3. What are the most difficult stages of ERP implementation?
The most difficult part of ERP implementation varies from company to company. However, testing and training are known to be the most difficult stages. This is largely due to the fact that there is a lot of communication and feedback involved in the testing and training. Lack of communication and lack of feedback can lead to misunderstandings across the organization as well as between vendor and client leading to extended implementation timelines.
4. What are the typical challenges of implementing an ERP system?
ERP rollout is almost never a smooth process.
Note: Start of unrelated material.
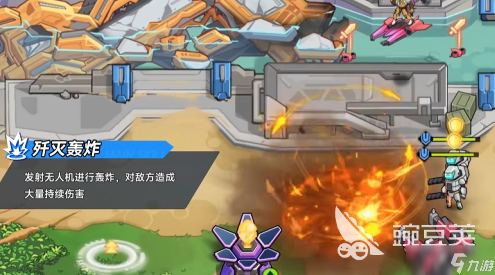 伊莉丝在战斗中的定位是输出,并且她具有极强的机动性。在有些观察中,并不是所有的怪物都从地面上来袭,有很多都是会从空中飞过来的,而此时伊莉丝的技能就能够帮助你轻松面对这样的情况。她的招牌技能歼灭轰炸,可以召唤出无人机对指定的位置进行轰炸,并且伤害极高。如果说你遇到了空袭,那么此时伊莉丝就能够发动该技能,帮助你快速地消灭从天上来犯的敌人,保卫防御塔尽量少掉血。

This applies to both off-the-shelf ERP software and custom-designed solutions. There are always challenges that need to be solved before a business can start reaping the benefits of the new system. Here are the most common challenges that businesses encounter when implementing an ERP system:
- Cost. With no plan prepared ahead of time, the final ERP software cost may end up being higher than expected.
- Data migration. Risks of data loss during the migration process are always there. Having a well thought-out data migration plan as well as conducting a thorough data analysis will reduce these risks.
- Integration with legacy systems. It is important to work with a dedicated software consultant to help you identify the point of conflict between the old and new software, to make the transition as smooth as possible and to avoid any major disruptions in the business operations.
- Change management. Employee resistance to change is often one of the biggest challenges on the way to new ERP software implementation, be it a mass-market or custom-designed solution. Allocating sufficient time and resources to the change management will help make the transition smoother.
Opting for the one-size-fits-all ERP system to support your business activities may not be the best idea in the long run. Off-the-shelf ERP software is a mass-market solution where the features are built to meet the generic needs of the market.
When businesses are looking for software to optimize their business processes they should be looking for systems that can fully support their business activities and help them run their day-to-day activities. It is very rare for off-the-shelf ERP software solutions to fully satisfy the needs of a particular business.
Businesses looking for the maximum efficiency if their ERP software should consider a fully customized solution that is designed specifically for their needs.